The Corcoran's exhibit is an effort to correct that.
"This show," insists John Beardsley, the young free-lance curator who picked the pictures, "was not intended as a sop to those who have complained about the Corcoran's commitment to good local art. Nor is it an affirmative action show."
When Beardsley praises Gilliam, he does not pull his punches. These pictures from the '80s, the catalogue contends, "are unquestionably the best" of Gilliam's career. When Beardsley writes that "Gilliam has always been a good painter," he is setting up his end-of-the-essay clincher: "Gilliam is now a world class painter."
There is in that ringing claim something unconvincing.

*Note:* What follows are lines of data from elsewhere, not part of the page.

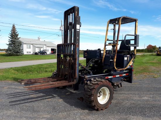 (2) Chariots élévateurs avec fourche MOFFETT M5000, 1997, 1998, 8x8x8, non latéral, en bonne condition.Facebook Lemire et frères
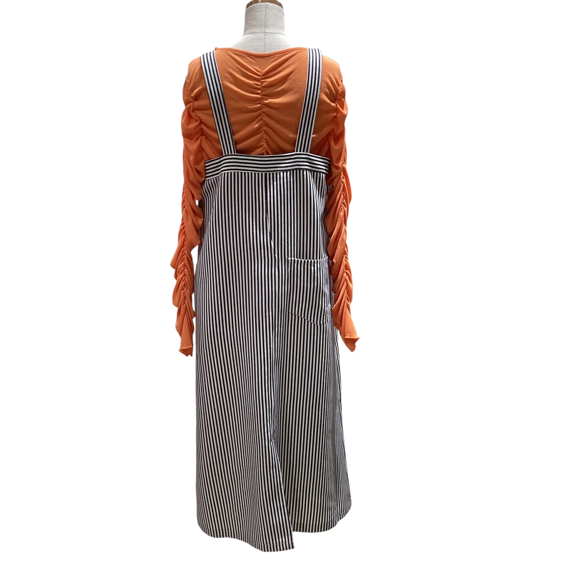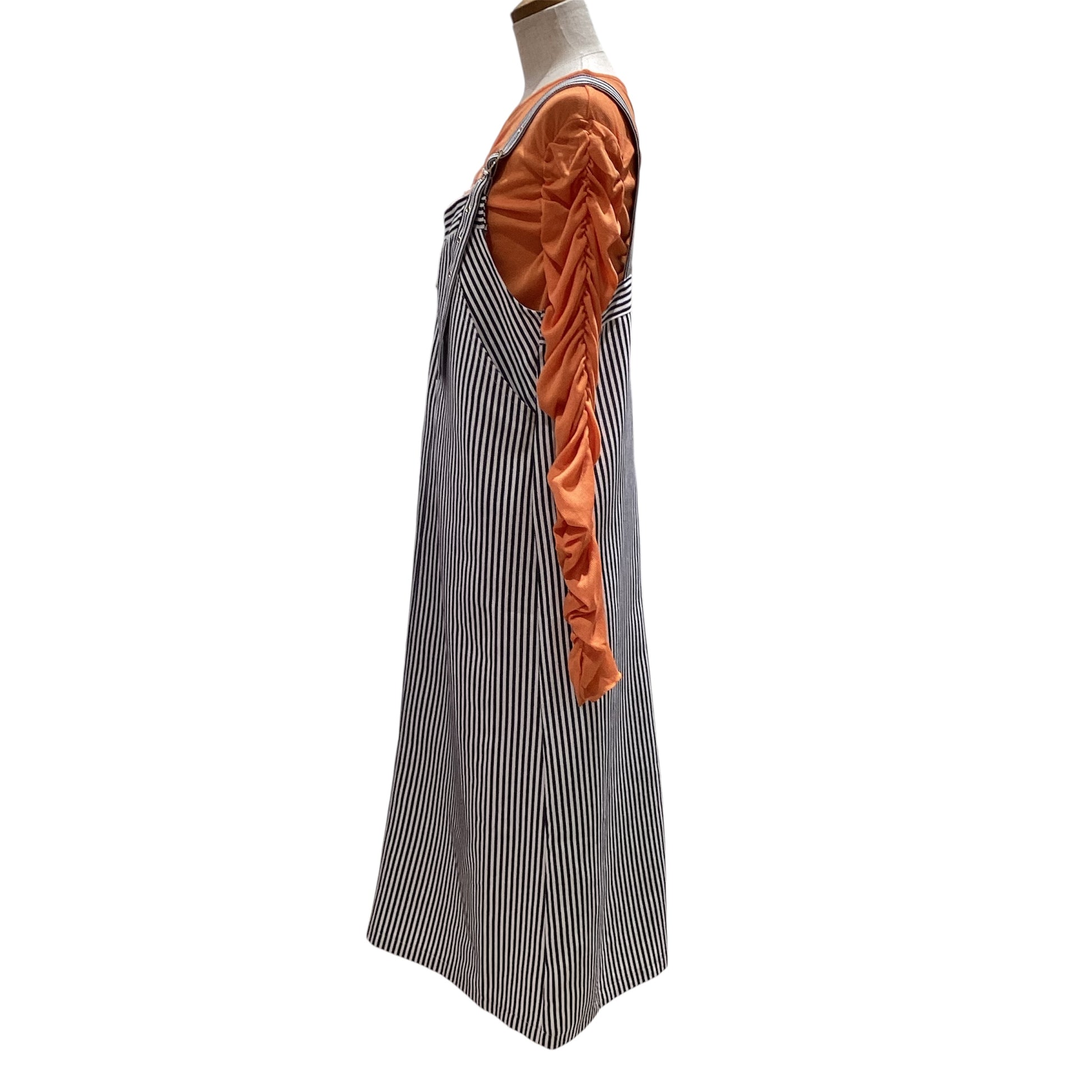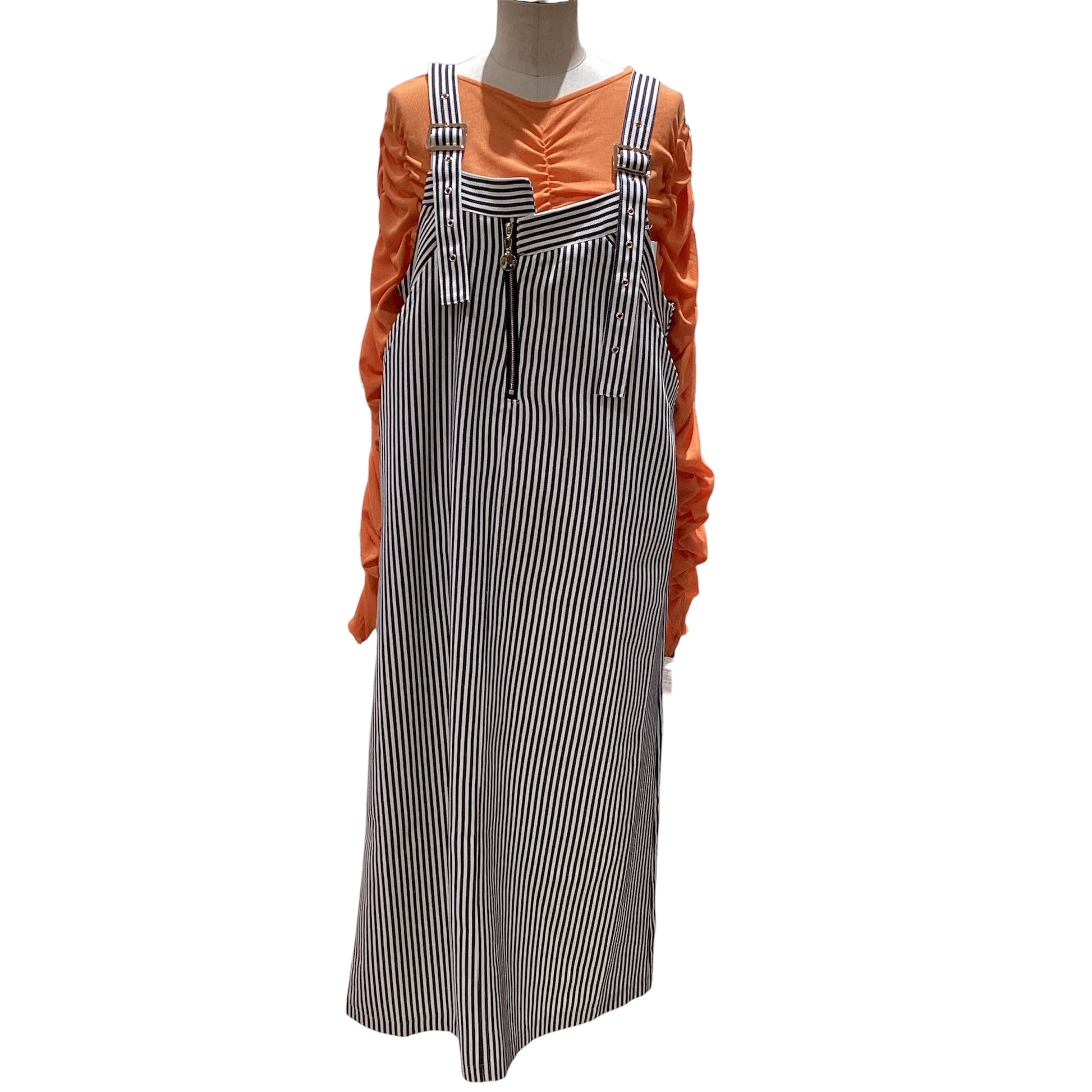 最大のポイントは、胸周りに取り入れた構築的なデザインと、左右で長さを変えたアシンメトリーな肩ベルト。無機質なアイレット(ハトメ)を並べたベルトが、ヒッコリーのカジュアルな印象をシャープに引き締め、モダンな個性を放ちます。ゆったりとしたオーバーサイズシルエットは、気になる体型を自然にカバー◎リラックスした着心地でありながら、計算されたカッティングによって、どこから見ても洗練された佇まいを叶えます。
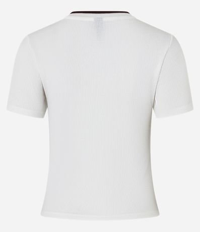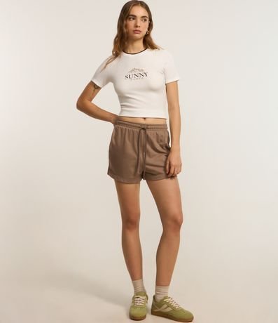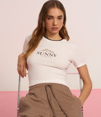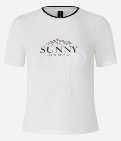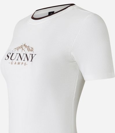 Ref: Blusa new t-shirt feminina texturizada, com gola redonda contrastante e mangas curtas. Possui estampa lettering "Sunny Camps" na parte frontal.
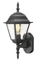 4001BK Matte Black Cast Aluminum 1-100W Medium 16″ H x 6″ W x 6.5″ ext. 5.75″ x 4.25″ 12″ Clear beveled glass pane...

It suggests some recent breakthrough, as if Gilliam, at last, had managed to escape the provincial mire of merely local art. None of that will wash.
Gilliam has not suddenly become a major modern painter. He has been one for years.
His originality, his fire and his high ambition all have been apparent since the 1960s. His art may have grown stronger, but it did not do so suddenly. All of its improvements have been incremental. By his loyalty to abstract art, to Euclidian geometry and highly complex color, Gilliam, here as in the past, declares himself forthrightly a Washington Color Painter.
In his cutting and his pasting one sees the debt he owes to the late Howard Mehring. His triangles and circles recall Kenneth Noland's. Gilliam has never tried to break away from the nourishing traditions of Washingtonian abstraction. Instead he has extended them, and added to them boldly. He still paints in series, as he used to do for his Jefferson Place shows. His raked surfaces are richer now, his colors may have deepened, but the battle that one senses at his paintings' core is anything but new.
It is a struggle between opposites, between chaos and control, between the intuitively improvised and the predetermined. In every picture here, one can find the circles, the triangles and squares of Washington Color Painting--and of L'Enfant's city plan. These shapes are never sloppy, their arcs are compass-clean, their right angles are true, but all of them are countered by a freedom, an abandon, that takes the breath away. Geometry, for Gilliam, is what melody was for John Coltrane, something to be stretched, cracked or contradicted. The rigorous in Gilliam's art is always, and amazingly, balanced by the passionate, the played-by-ear, the free.
His show has been installed in four discrete parts: In the Corcoran's rotunda, Gilliam has installed a circle-stating, circle-breaking, 13-panel work, painted for this show, which he has titled "Rondo." Next come four fine paintings from the 1980 series Gilliam calls "Chasers." Each "Chaser" in the series has an arc at upper right that is balanced by a rectangle that floats at upper left, and each one has been stretched on a nine-sided support. Then come the "Vertical 'D's' " of 1982, a 21-painting cycle of tall rectangles, each six feet high, each notched, at lower right, by a D-shaped form of metal fired with enamel. The exhibition ends in grandeur with huge pictures from 1981. He calls them "Red and Black."
All the paintings at the Corcoran--and the new works he calls "Z's," now at Middendorf/Lane (2009 Columbia Rd. NW)--are hugely energetic. No earlier Color Painter ever managed to come up with surfaces so sculptural or with layered colors so constantly surprising. Gilliam's pinks could not be hotter, his greens could not be leafier, his deep blues and blacks recall the midnight sky.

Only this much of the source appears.